Data records: Begin
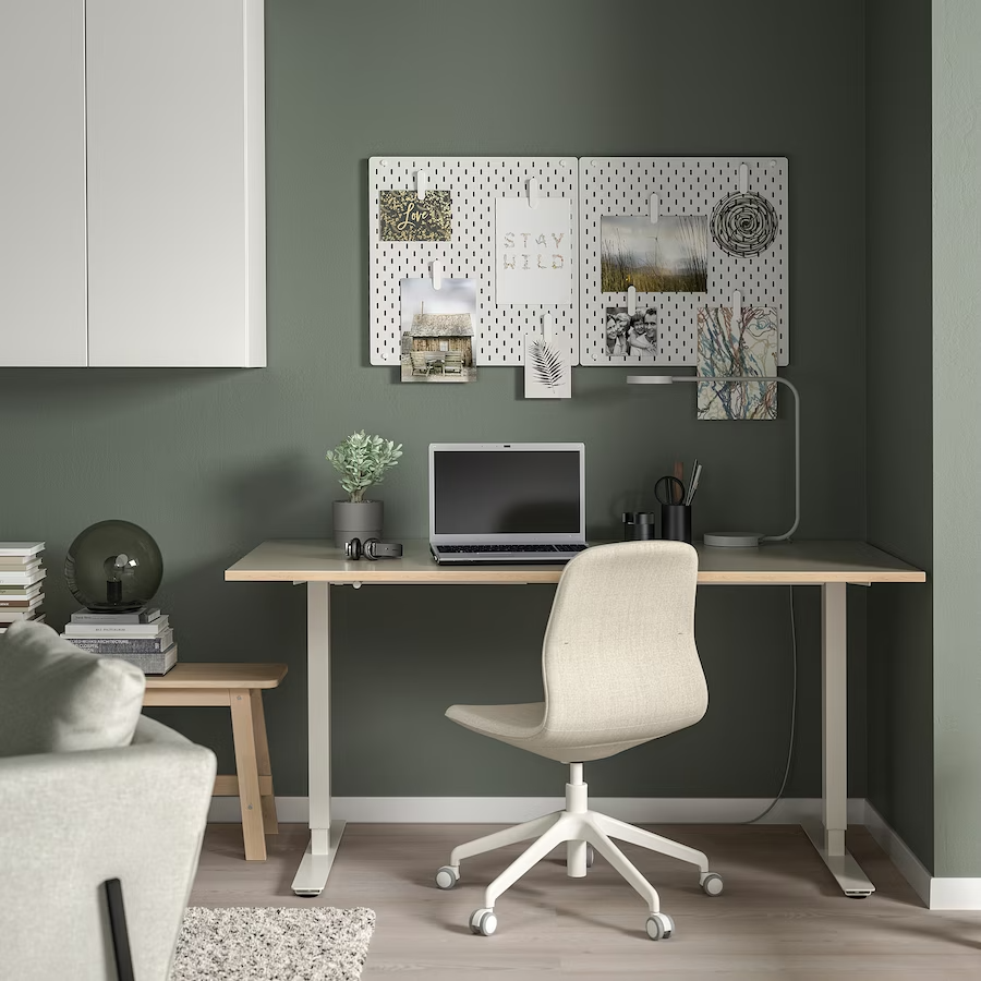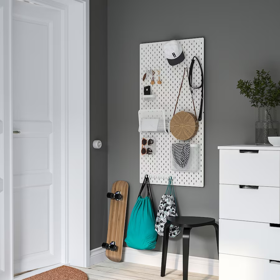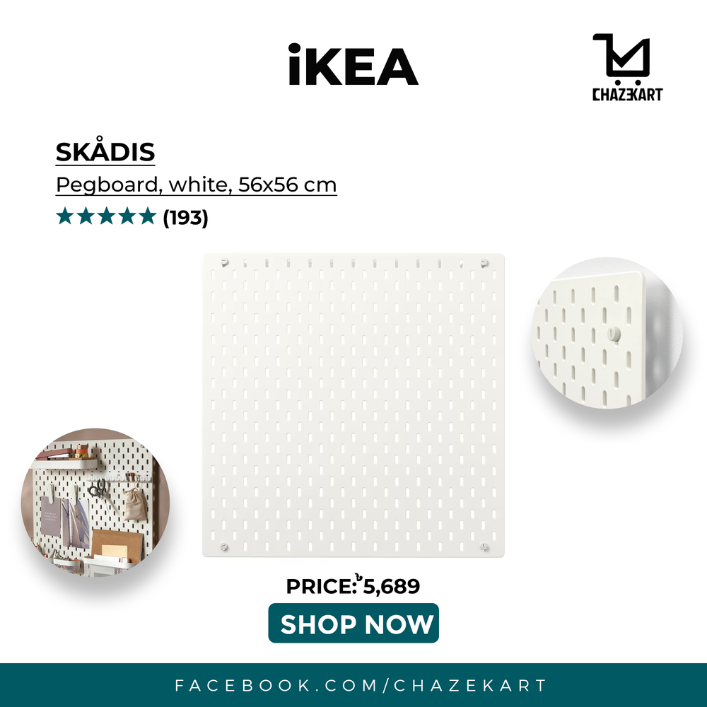 The SKADIS Pegboard is the perfect addition to any home office, but it can also be used in bathrooms, hallways, and kitchens to store and organize a variety of small items. The 56x56 cm white board comes complete with SKÅDIS accessories, giving you flexibility in organizing your items.
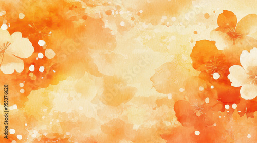 Orange Japanese floral pattern watercolor background with abstract design
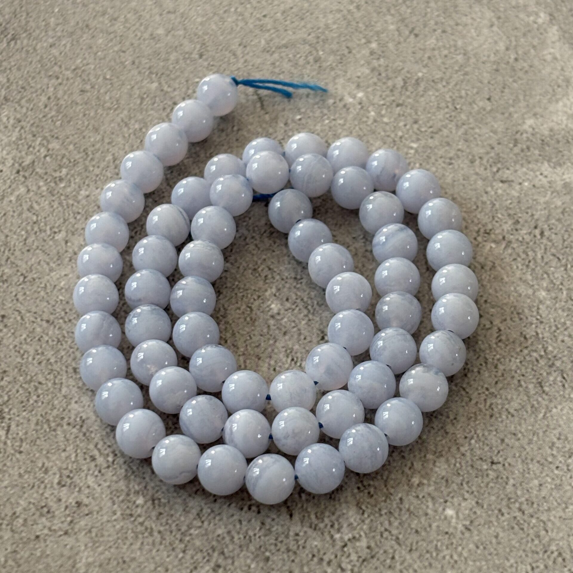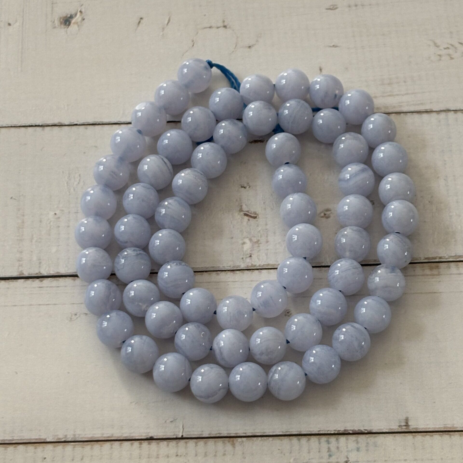 Calcédoine perles 6 mm à l’unité – Provenance Brésil – Qualité A bonne – Les fils actuels sont plus bleu transparent que blanc.
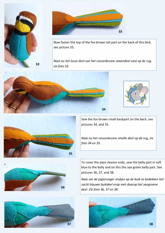 Ook dit vogeltje is alleen verkrijgbaar als PDF patroon, een heerlijk klein project. Het basis lijfje is simpel en met behulp van de vele stap voor stap foto’s gaat het ook de beginnende naaister zeker lukken.
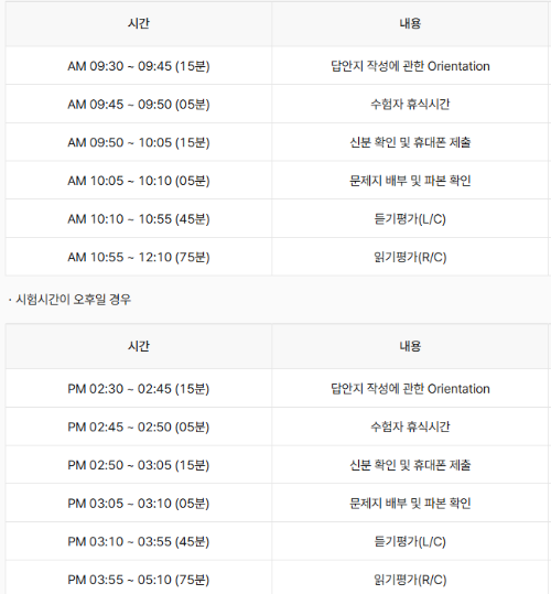 토익 시험은 오전 또는 오후로 나뉘어 진행되며, 응시자는 시험 시작 전에 정해진 절차에 따라 준비해야 합니다. 시험은 크게 오리엔테이션, 신분 확인, 문제지 배부, 듣기 평가(L/C), 읽기 평가(R/C) 순서로 진행됩니다.
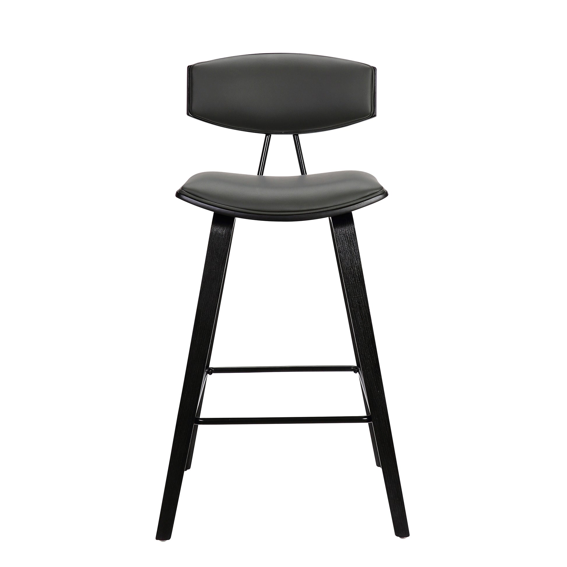 Fox Mid-Century Modern Bar Stool - Counter and Bar Height, Faux Leather and Wood
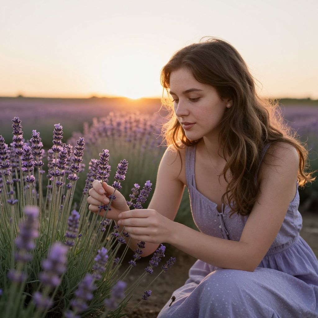 Photograph of a young Caucasian woman with long, wavy brown hair, wearing a sleeveless, light purple dress with small white polka dots. She is crouching in a lavender field at sunset, gently touching the purple flowers with her right hand. The background shows a vast field of lavender with a golden sunset sky, casting a warm, orange glow. Her expression is calm and focused. The image has a soft, warm color palette with delicate textures, highlighting the natural beauty of both the woman and the lavender flowers.
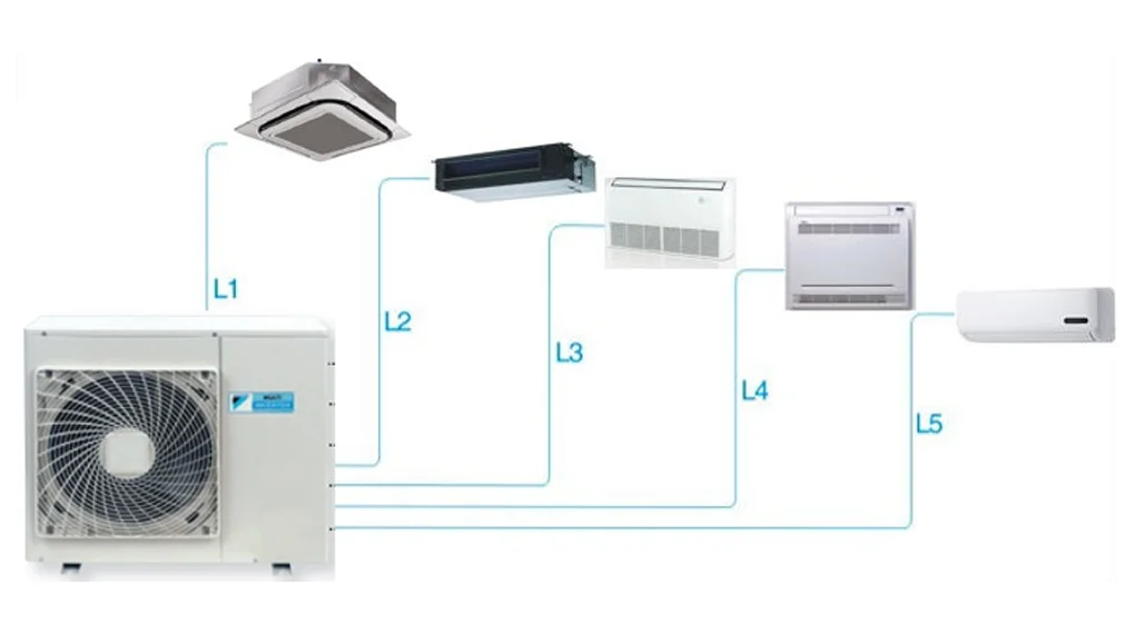 Một dàn nóng 4.0Hp kết hợp tối đa với 5 dàn lạnh (vui lòng liên hệ nhân viên tư vấn để biết thêm về việc kết hợp các dàn lạnh và hệ số đồng thời của máy) |
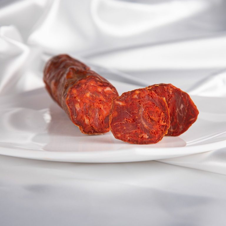 Tras su embutido en tripa natural gruesa, se sometea un proceso de curación lenta y ahumado suave en leña de roble. A diferencia del Chorizo Tradicional, el Chorizo Cular permanece
Data records: End
> Aim of the task
Could you repeat exactly the lines from the one containing "Một dàn nóng" to the last line of the records, both included, and leave out every picture?

> Reply to the exercise
 Một dàn nóng 4.0Hp kết hợp tối đa với 5 dàn lạnh (vui lòng liên hệ nhân viên tư vấn để biết thêm về việc kết hợp các dàn lạnh và hệ số đồng thời của máy) |
 Tras su embutido en tripa natural gruesa, se sometea un proceso de curación lenta y ahumado suave en leña de roble. A diferencia del Chorizo Tradicional, el Chorizo Cular permanece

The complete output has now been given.